The very act of measurement, though, can cause these atomic clocks to degrade. The lasers heat the atoms, and they escape into the void. A quantum phenomenon called superradiance could, physicists have found, solve this problem – making the most precise clocks on Earth even tighter.
"Because the atoms constantly need to be replaced with fresh new atoms, while new atoms are being prepared, the clock loses time ever so slightly," explains physicist Eliot Bohr, formerly of the University of Copenhagen, now at the University of Colorado.
"Therefore, we are attempting to overcome some of the current challenges and limitations of the world's best atomic clocks by, among other things, reusing the atoms so that they don't need to be replaced as often."
An atomic clock, as you can probably imagine, is a complicated machine to build. You need to get a bunch of atoms – in this case, strontium, although cesium and ytterbium are also popular choices – and subject them to certain conditions in order to trap them in place, and measure their oscillations.
The strontium atoms are produced in a hot oven, which heats up solid strontium to produce vapor. These atoms are ejected from the furnace, then slowed and cooled to the extremely cold temperature of -273 degrees Celsius, just a fraction above absolute zero, in a vacuum chamber to which the team added two mirrors, forming what's known as an optical cavity, which only allows certain patterns of light to reflect back and forth.
"When the atoms land in the vacuum chamber, they lie completely still because it is so cold, which makes it possible to register their oscillations with the two mirrors at opposing ends of the chamber," Bohr explains.

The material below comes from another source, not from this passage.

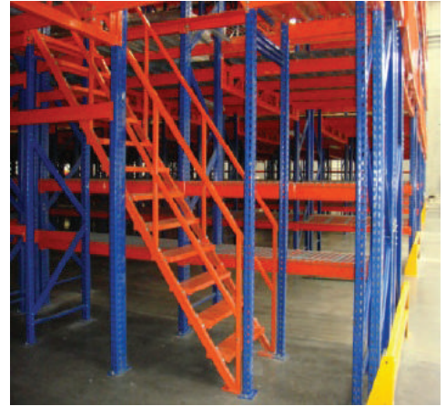
ESCALERA DE SERVICIO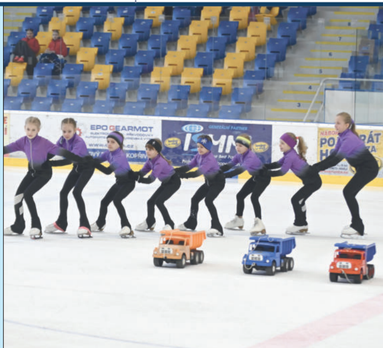
Při zahájení Tatra Cupu hrály prim modely (hračky) automobilů Tatra, na snímku s malými krasobruslařkami FSC Kopřivnice.

Now, atomic clocks are already very precise. The most accurate yet, announced just a month ago in a preprint, is a strontium clock that can run for 40 billion years without losing time.
So you might think that refining the precision is gilding the lily, but accurate timekeeping is actually extraordinarily useful, for applications such as measuring the physical world, to navigation, to tests of relativity.
So Bohr and his colleagues wanted to find a way to build an atomic clock that doesn't lose atoms, and for this they tapped into superradiance. This is when a group of excited atoms synchronizes the separation of its charges, collectively emitting a short, intense pulse of light so neatly aligned, it can be measured with great precision.
"The mirrors cause the atoms to behave as a single unit. Collectively, they emit a powerful light signal that we can use to read out the atomic state, a crucial step for measuring time," Bohr says.
"This method heats up the atoms minimally, so it all happens without replacing the atoms, and this has the potential to make it a more precise measurement method."
At this point, the team's experimental developments are in the proof of concept stage. Their work shows that it is possible; now it needs to be developed and refined to advance the field of chronometry in a new, ultra-precise direction.
"Our scheme is an innovative approach to atomic state readout characterized by its speed, simplicity, and highly directional emission of signal photons," the researchers write in their paper.
"The immediate benefits offered by our scheme could be applied to any quantum sensor relying on the population difference readout of a quantum state."
The research has been published in Nature Communications.